Whether you think that old-school data warehousing concepts are fading or not, the quest to achieve conformed dimensions and conformed metrics is as relevant as it ever was. Most of us still hear people saying “single source of truth” every other day. The data warehouse needs to reflect the business, and the business should have clarity on how it thinks about analytics. Conflicting nomenclature and inconsistent data across different namespaces, or “data marts” are problematic. If you want to build trust in a way that supports decision-making, you need a minimum of consistency and alignment. In modern large organizations, where hundred of people are involved in the data generation side of the analytical process, consensus seeking is challenging, when not outright impossible in a timely fashion.
Historically, people used the pejorative term “data silo” to designate issues related to heterogenous analytics that would be scattered across platforms or use incompatible referential. Silos naturally spawn into existence as projects get started, teams drift and inevitably as acquisitions occur. It’s the task of the business intelligence (now data engineering) teams to solve these issues with methodologies that enforces consensus, like Master Data Management (MDM), data integration, and an ambitious data warehousing programs. Nowadays, at modern fast pace companies, the silo problem quickly grows out of proportion, where you could use the term “dark matter” to qualify the result of the expansion of chaos that is taking place. With an army of not-so-qualified people pitching in, the resulting network of pipelines can quickly become chaotic, inconsistent and wasteful. If the data engineer is the “librarian of the data warehouse”, they might feel like their mission is akin to classifying publications in a gigantic recycling plant.
In a world where the dashboard lifecycles are counted in weeks, consensus becomes a background process that can hardly keep up with the rate of change and shifting focus of the business. Traditionalists would suggest starting a data stewardship and ownership program, but at a certain scale and pace, these efforts are a weak force that are not match for the expansion taking place.

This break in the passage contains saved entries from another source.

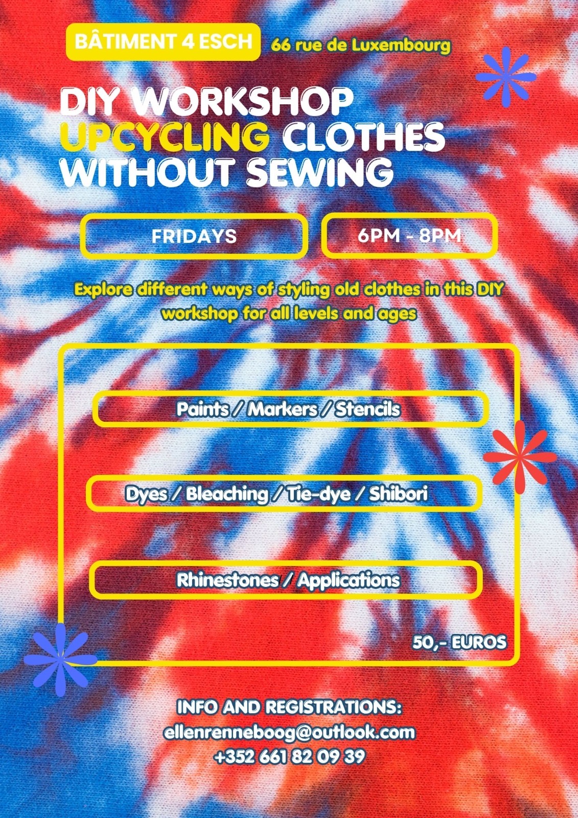 • 2026-07-10 18:00:00 2026-07-10 20:00:00 Europe/Paris Atelier DIY : recycler ses vêtements sans couture Atelier multilingue pour tous niveaux et tous âges. Explorer: peintures/marqueurs/pochoirs teintures/décoloration/teinture tie-dye/shibori rhines/applications Bâtiment 4 - Tiers lieu culturel, Rue de Luxembourg, Esch-sur-Alzette, Luxembourg Bâtiment 4 - Tiers lieu culturel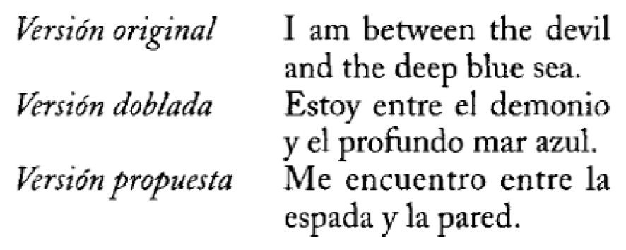 El cuadro siguiente muestra las tres versiones, la original, la doblada al español y la que se propone en este trabajo, atendiendo a los criterios discursivos mencionados en la introducción:
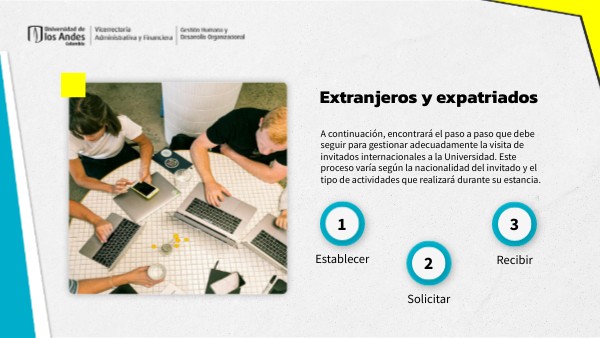 A continuación, encontrará el paso a paso que debe seguir para gestionar adecuadamente la visita de invitados internacionales a la Universidad. Este proceso varía según la nacionalidad del invitado y el tipo de actividades que realizará durante su estancia.

Given that useful datasets become widely used and derived in ways that results in large and complex directed acyclic graphs (DAGs) of dependencies, altering logic or source data tends to break and/or invalidate downstream constructs. Downstream nodes like derived datasets, reports, dashboards, services and machine learning models may then need to be altered and/or re-computed to reflect upstream changes. Typically, the metadata around data lineage is usually incomplete or is buried in code that only a select few will have the capacity and patience to read. Upstream changes will inevitably break and invalidate downstream entities in intricate ways. Depending on how your organization values stability over accuracy, change can be scary and that can lead to pipeline constipation. If the data engineer’s incentives are geared towards stability, they will learn quickly that best way to not break anything is to not change anything.
Since pipelines are typically large and expensive, adequate unit or integration testing can be expected to be somewhat proportional. The point being: there’s only so much you can validate with sampled data and dry-runs. And if you thought a single environment was more chaos than you could handle, try to stay sane while throwing a dev and staging environment that use intricately different code and data! In my experience, it’s rare to find any sort of decent dev or test environments in the big data world. In many cases, the best you’ll find are some namespaced “sandboxes” that people use to support whatever undocumented process they see fit.

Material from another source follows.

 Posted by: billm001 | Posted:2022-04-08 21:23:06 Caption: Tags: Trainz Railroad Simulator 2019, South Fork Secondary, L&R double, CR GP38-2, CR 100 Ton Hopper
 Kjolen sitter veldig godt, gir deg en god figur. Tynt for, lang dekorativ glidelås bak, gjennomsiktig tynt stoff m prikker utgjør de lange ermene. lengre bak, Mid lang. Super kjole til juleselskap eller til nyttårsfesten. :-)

Data engineering has missed the boat on the “devops movement” and rarely benefit from the sanity and peace-of-mind it provides to modern engineers. They didn’t miss the boat because they didn’t show up, they missed the boat because the ticket was too expensive for their cargo.

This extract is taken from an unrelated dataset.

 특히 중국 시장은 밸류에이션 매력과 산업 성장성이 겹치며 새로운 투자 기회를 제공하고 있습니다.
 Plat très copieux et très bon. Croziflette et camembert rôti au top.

The worst seat at the table
Modern teams move fast, and whether your organization is engineering-driver, PM-driven or design-driven, and whether it wants to think of itself as data-driven, the data engineer won’t be driving much. You have to think of it as an infrastructure role, something that people take for granted and bring their attention to when it’s broken or falling short on its promises.
If there’s a data engineer that is part of the conversation at all, it’s probably to help the data scientists and analysts gathering the data they need. If the data of interest isn’t already available in the structured part of the data warehouse, chances are that the analyst will proceed with a short term solution querying raw data, while the data engineer may help in properly logging and eventually carrying that data into the warehouse. Most likely an answer is required in a timely fashion, and by the time the new dimensions and metrics are backfilled into the warehouse, it’s already old news and everyone has moved on. The analyst will get the glory for the insight, and everyone else may question the need for the slow background process of consolidating this new piece of information in the warehouse.
While “impact” — which implies velocity and disruption — is the most sought after word in employees’ performance review, data engineering is condemned to being a slow background process with little short term impact. Data engineers are many degrees removed from those who are “moving the needle”.
Operational creep is a hard reality for professions that involve supporting the systems that they build. Q/A teams have largely been replaced by the “you support what you build” motto and most people in the field rally around this idea. This approach is regarded as the proper way to make engineer conscious and responsible for the technical debt accumulating.
Since data engineering typically comes with a fairly high maintenance burden, operational creep comes fast and disarms engineers faster than you can hire them. Yes, modern tooling help people be more productive, but arguably that’s only machinery that allows pipeline builders to keep more plates spinning at once.
Moreover, operational creep can lead to high employee turnover, which ultimately lead to low quality, inconsistent, unmaintainable messes.
Real software engineers?
People in the field have heard arguments as to whether data engineers were “real software engineers” or some different class of engineers. In some organization the role is different and may have different [lower] salary bands. Casual observation may suggest that the rate of data engineers with a computer science degree may be significantly lower than across software engineering as a whole.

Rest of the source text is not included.